**WHAT NEEDS TO BE DONE**
Every line of the data below is to be given again as it appears, with the images removed.

**DATASET**
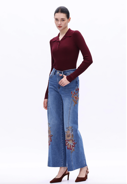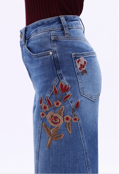 The soft stretch denim ensures a comfortable fit, while the unfinished hem adds just the right amount of modern edge. Intricate floral embroidery blooms along the legs in rich autumn tones, making these jeans the perfect pair to transition through the seasons.
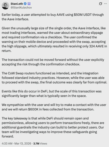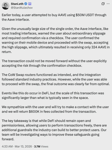 退還部分款項:Aave 承諾將這筆交易所產生的 60 萬美元手續費(Fees) 全數退還給該用戶,以盡一點心意。
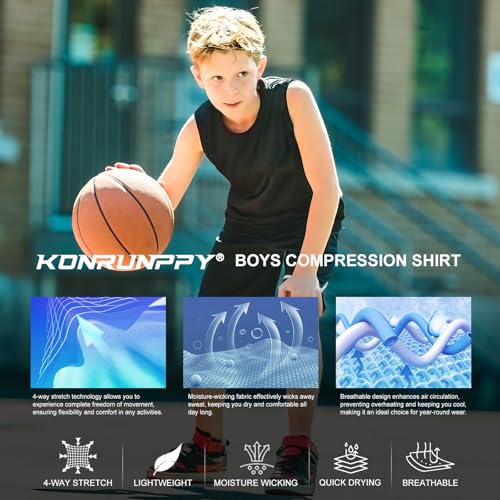 Fabric type: 85% Polyester, 15% SpandexCare instructions: Machine WashOrigin: ImportedClosure type: Pull OnCompression Fit for Boys: Designed with high-performance compression fabric, this youth boys' sleeveless compression shirt provides a snug yet flexible fit, ensuring optimal muscle support during sports like basketball, football, and baseballQuick-Dry & Moisture-Wicking: Made with breathable,four-way stretch, lightweight 85% Polyester,15% spandex fabric, this youth compression shirt features quick-dry and moisture-wicking technology, keeping your kids cool and snug during workouts or hot weatherTag-free: Featuring a compression and crew neck design for sports, this youth kids tank tops with smooth flat seams and a tagless design contribute to reducing abrasion and enhancing overall comfortAthletic Design: Ideal for sports and activities such as basketball,soccer,hockey, running, training, and swimming, this boys athletic tank top serves as both a workout essential and a base layer for any training,offers enhanced flexibility and comfort for all-day wear during sports activitiesSize and Fit: XS=US Size 5 (Height:43.3-45.2inch) /Small=US Size 6-7 (Height:47.2-49.2inch)/ Medium=US Size 8 (Height:49.2-53.1inch) / Large=US Size 10 (Height:55.1-57.1inch) / X-Large=US Size 12 (Height:59.0-61.0inch),Available in a range of sizes, including US Size 5-12, Its fitted design ensures comfort, making it perfect for big kids and teens Perfect for everyday use. superior materials and excellent craftsmanship ensure long-lasting durability.
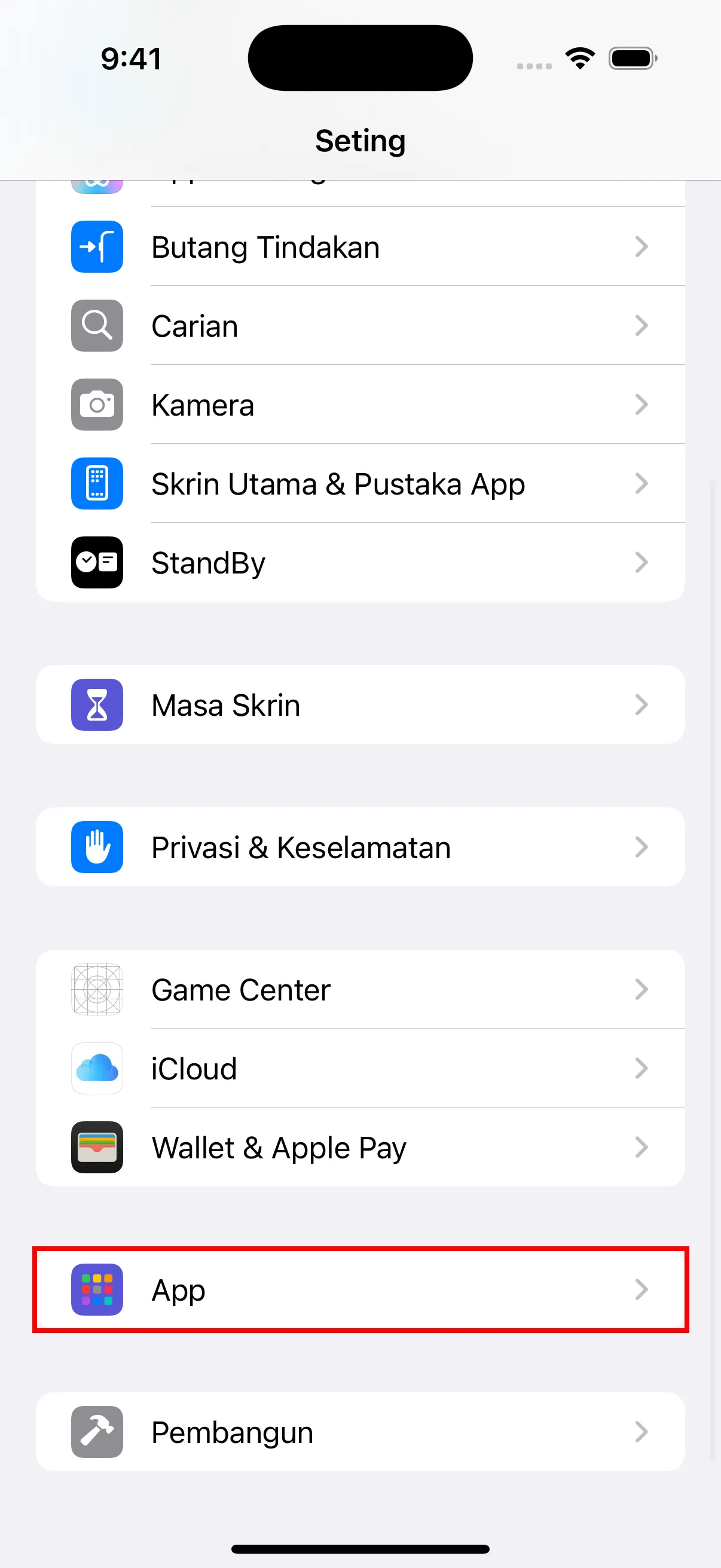 - Buka aplikasi “Settings” pada iPhone anda, tatal ke bawah untuk mencari “App” dan ketik untuk masuk.
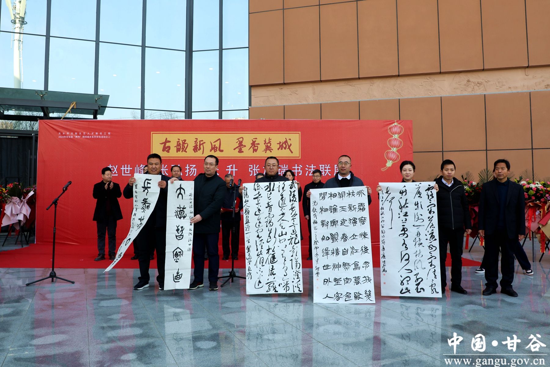 新甘谷讯【记者 张宾】1月5日,甘谷县“古韵新风 墨香冀城”赵世峰、张弘扬、张升、张旭瑞书法联展开展仪式在县博物馆举行。甘肃省书法家协会副主席、天水市文联一级调研员、天水市书法家协会主席杨清汀宣布书法联展开展。县委常委、宣传部部长范慧致辞。县人大常委会副主任杨晓涛主持开展仪式。参展作者代表张弘扬致答谢词。赵世峰、张弘扬、张升、张旭瑞向甘谷县博物馆捐赠书法作品。
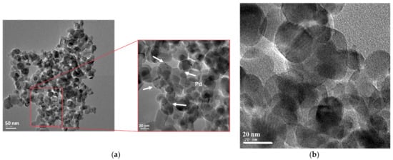 The morphologies, dispersive effect and particle sizes of the samples were determined by the TEM, JEOL, Tokyo, Japan, JEM-2000 FX II. HRTEM was operated on a JEOL JEM–2010 operated at 200 kV. A small amount of sample was put into a sample bottle filled with distilled water and agitated under an ultrasonic environment for 1 h. One drop of the dispersed slurry was dipped onto a carbon-coated nickel mesh (200 #; Ted Pella Inc., Altadena, CA, USA), and dried in the vacuum oven at 65°C overnight to remove the water entirely. The chemical composition of the samples and the interaction of the metals were determined by Energy-dispersive X-ray spectroscopy (EDS) attached on the HRTEM. The HRTEM (JEOL JEM-F200, Tokyo, Japan) images were recorded digitally by a Gatan slow-scan camera (GIF) (AMETEK, Berwyn, PA, USA).
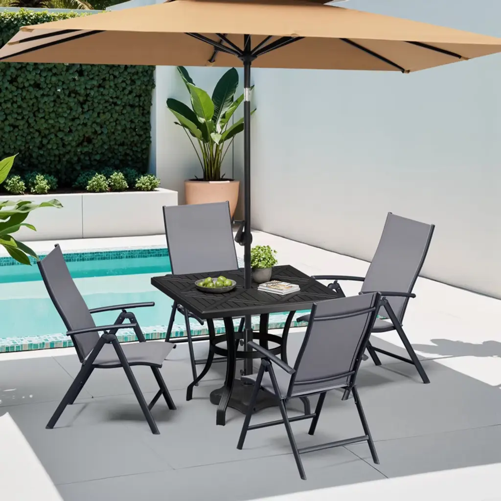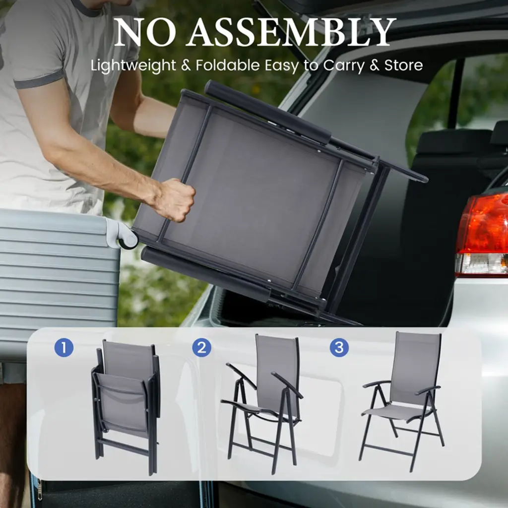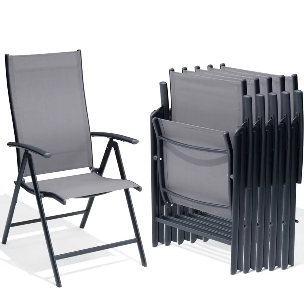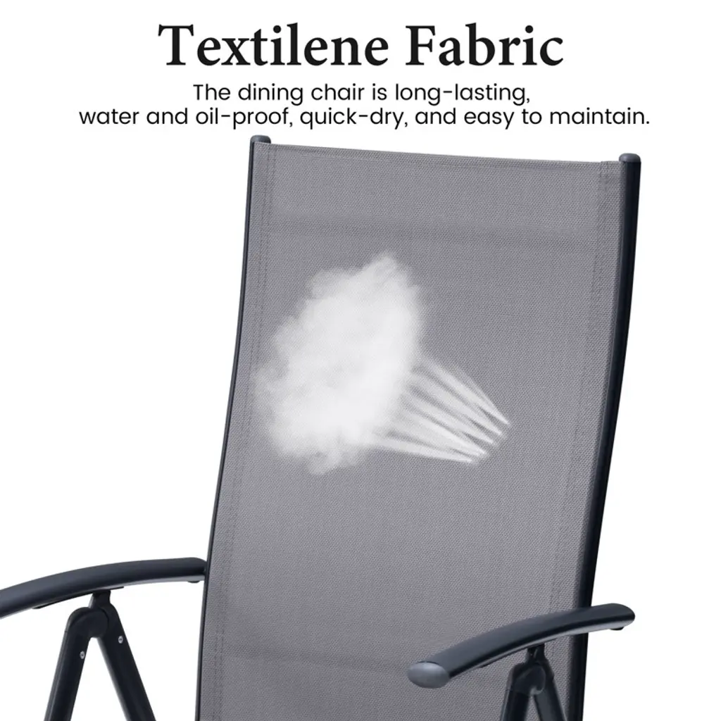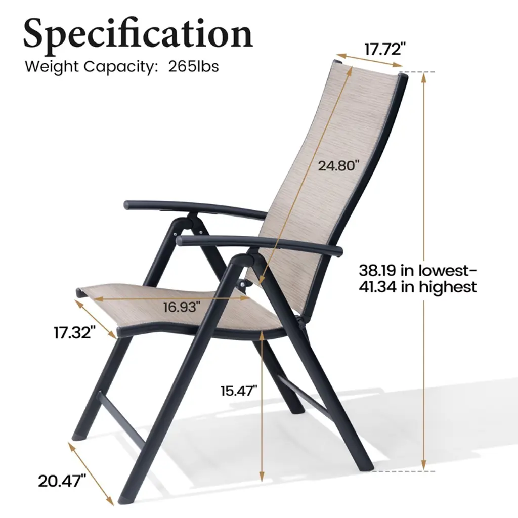 Our iron dining chairs are equipped with armrests and supportive backrests to enhance your outdoor dining experience and meet your outdoor dining needs. The chairs are foldable and require no assembly, making them easy to carry and move. The chairs have a load capacity of 265 pounds. The backrest has seven levels of adjustment to best meet your needs. Perfect for the garden, patio, deck, yard or balcony. Seat dimensions: 17.32 inches wide x 16.93 inches deep Seat height: 15.47 inches high Backrest dimensions: 17.72 inches wide x 24.8 inches high
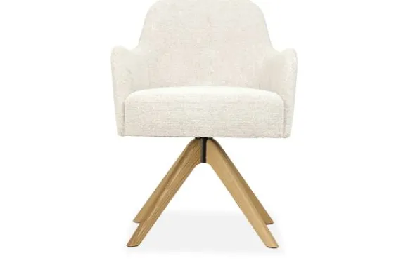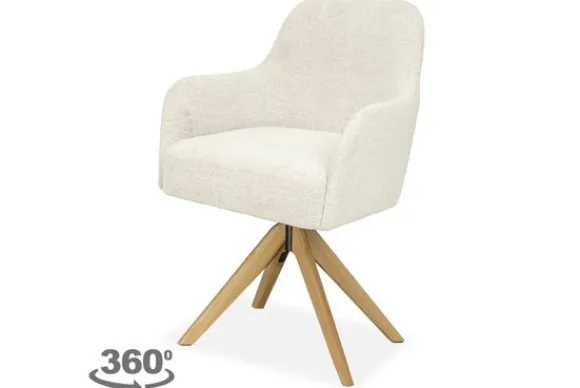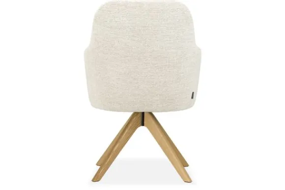 De eikenhouten spinpoot geeft de stoel een moderne uitstraling en is niet alleen mooi om te zien, maar ook functioneel. Dankzij het 360 graden draaimechanisme met autoreturnsysteem draait de stoel soepel mee en keert hij automatisch terug naar zijn oorspronkelijke stand, handig én netjes aan tafel.
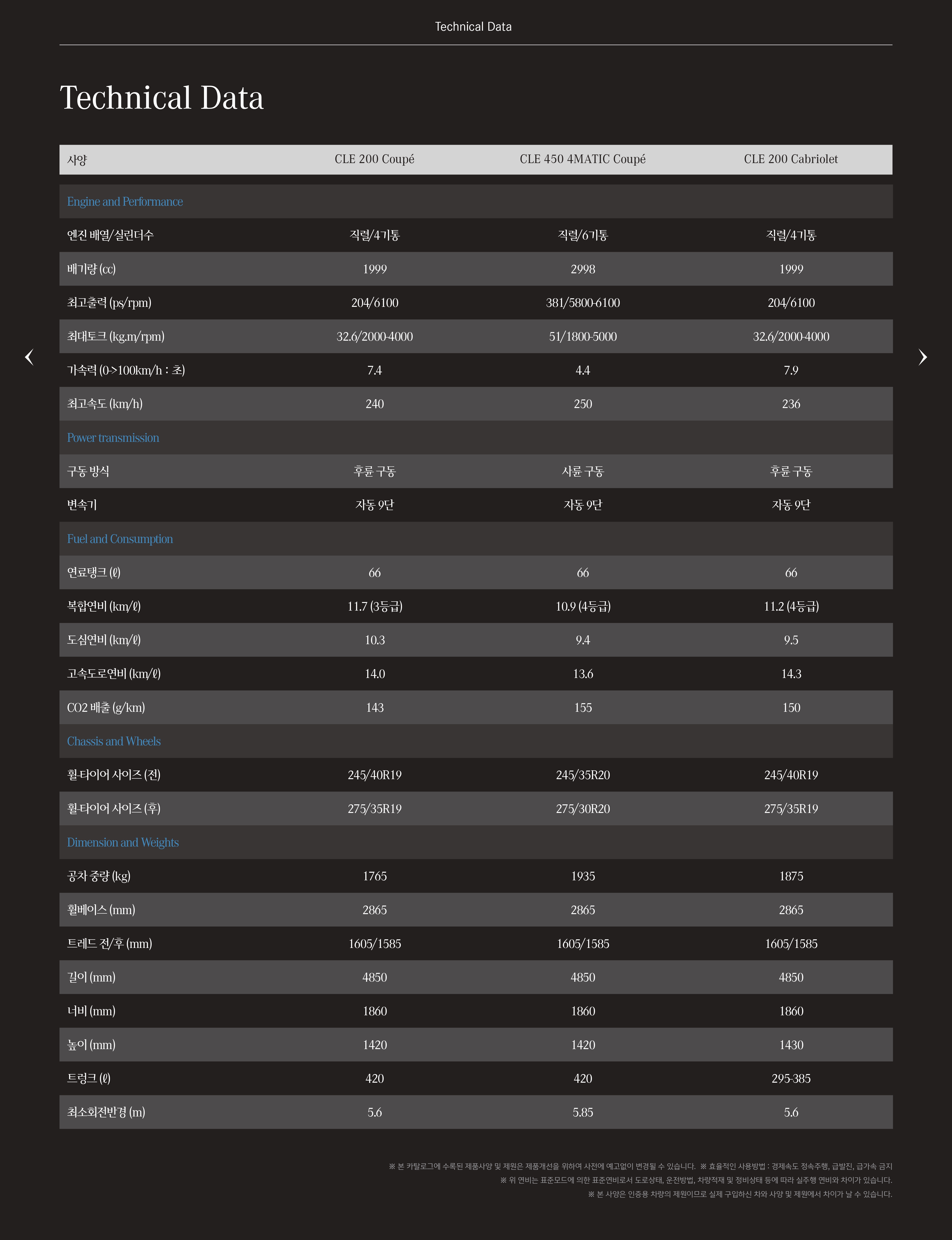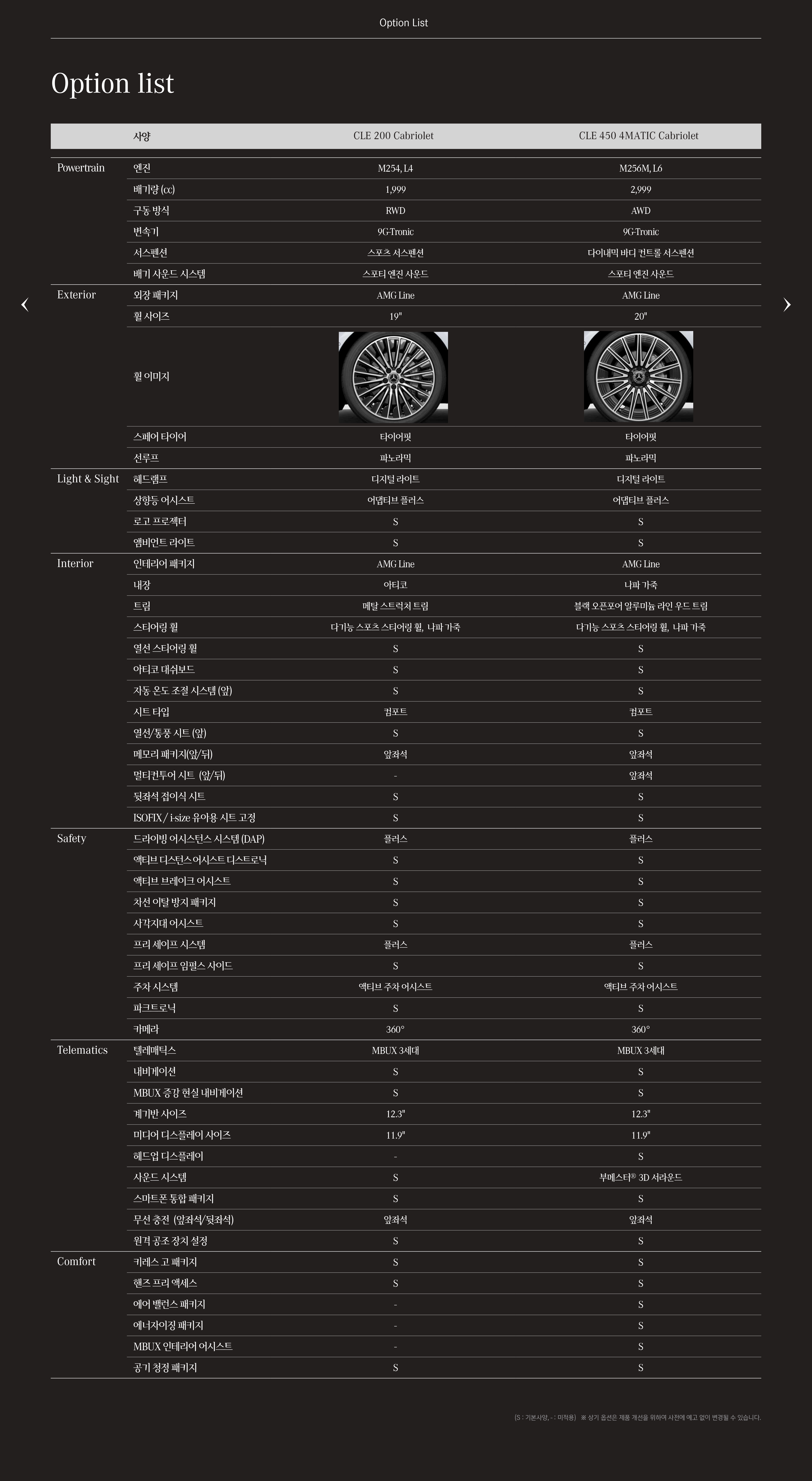한 가지 안타까운 건 가장 최근 출시한 CLE450 카브리올레 스펙은 아직 업데이트가 안되었다는 점이고요.

**OUTPUT FOR THIS TASK**
 The soft stretch denim ensures a comfortable fit, while the unfinished hem adds just the right amount of modern edge. Intricate floral embroidery blooms along the legs in rich autumn tones, making these jeans the perfect pair to transition through the seasons.
 退還部分款項:Aave 承諾將這筆交易所產生的 60 萬美元手續費(Fees) 全數退還給該用戶,以盡一點心意。
 Fabric type: 85% Polyester, 15% SpandexCare instructions: Machine WashOrigin: ImportedClosure type: Pull OnCompression Fit for Boys: Designed with high-performance compression fabric, this youth boys' sleeveless compression shirt provides a snug yet flexible fit, ensuring optimal muscle support during sports like basketball, football, and baseballQuick-Dry & Moisture-Wicking: Made with breathable,four-way stretch, lightweight 85% Polyester,15% spandex fabric, this youth compression shirt features quick-dry and moisture-wicking technology, keeping your kids cool and snug during workouts or hot weatherTag-free: Featuring a compression and crew neck design for sports, this youth kids tank tops with smooth flat seams and a tagless design contribute to reducing abrasion and enhancing overall comfortAthletic Design: Ideal for sports and activities such as basketball,soccer,hockey, running, training, and swimming, this boys athletic tank top serves as both a workout essential and a base layer for any training,offers enhanced flexibility and comfort for all-day wear during sports activitiesSize and Fit: XS=US Size 5 (Height:43.3-45.2inch) /Small=US Size 6-7 (Height:47.2-49.2inch)/ Medium=US Size 8 (Height:49.2-53.1inch) / Large=US Size 10 (Height:55.1-57.1inch) / X-Large=US Size 12 (Height:59.0-61.0inch),Available in a range of sizes, including US Size 5-12, Its fitted design ensures comfort, making it perfect for big kids and teens Perfect for everyday use. superior materials and excellent craftsmanship ensure long-lasting durability.
 - Buka aplikasi “Settings” pada iPhone anda, tatal ke bawah untuk mencari “App” dan ketik untuk masuk.
 新甘谷讯【记者 张宾】1月5日,甘谷县“古韵新风 墨香冀城”赵世峰、张弘扬、张升、张旭瑞书法联展开展仪式在县博物馆举行。甘肃省书法家协会副主席、天水市文联一级调研员、天水市书法家协会主席杨清汀宣布书法联展开展。县委常委、宣传部部长范慧致辞。县人大常委会副主任杨晓涛主持开展仪式。参展作者代表张弘扬致答谢词。赵世峰、张弘扬、张升、张旭瑞向甘谷县博物馆捐赠书法作品。
 The morphologies, dispersive effect and particle sizes of the samples were determined by the TEM, JEOL, Tokyo, Japan, JEM-2000 FX II. HRTEM was operated on a JEOL JEM–2010 operated at 200 kV. A small amount of sample was put into a sample bottle filled with distilled water and agitated under an ultrasonic environment for 1 h. One drop of the dispersed slurry was dipped onto a carbon-coated nickel mesh (200 #; Ted Pella Inc., Altadena, CA, USA), and dried in the vacuum oven at 65°C overnight to remove the water entirely. The chemical composition of the samples and the interaction of the metals were determined by Energy-dispersive X-ray spectroscopy (EDS) attached on the HRTEM. The HRTEM (JEOL JEM-F200, Tokyo, Japan) images were recorded digitally by a Gatan slow-scan camera (GIF) (AMETEK, Berwyn, PA, USA).
 Our iron dining chairs are equipped with armrests and supportive backrests to enhance your outdoor dining experience and meet your outdoor dining needs. The chairs are foldable and require no assembly, making them easy to carry and move. The chairs have a load capacity of 265 pounds. The backrest has seven levels of adjustment to best meet your needs. Perfect for the garden, patio, deck, yard or balcony. Seat dimensions: 17.32 inches wide x 16.93 inches deep Seat height: 15.47 inches high Backrest dimensions: 17.72 inches wide x 24.8 inches high
 De eikenhouten spinpoot geeft de stoel een moderne uitstraling en is niet alleen mooi om te zien, maar ook functioneel. Dankzij het 360 graden draaimechanisme met autoreturnsysteem draait de stoel soepel mee en keert hij automatisch terug naar zijn oorspronkelijke stand, handig én netjes aan tafel.
한 가지 안타까운 건 가장 최근 출시한 CLE450 카브리올레 스펙은 아직 업데이트가 안되었다는 점이고요.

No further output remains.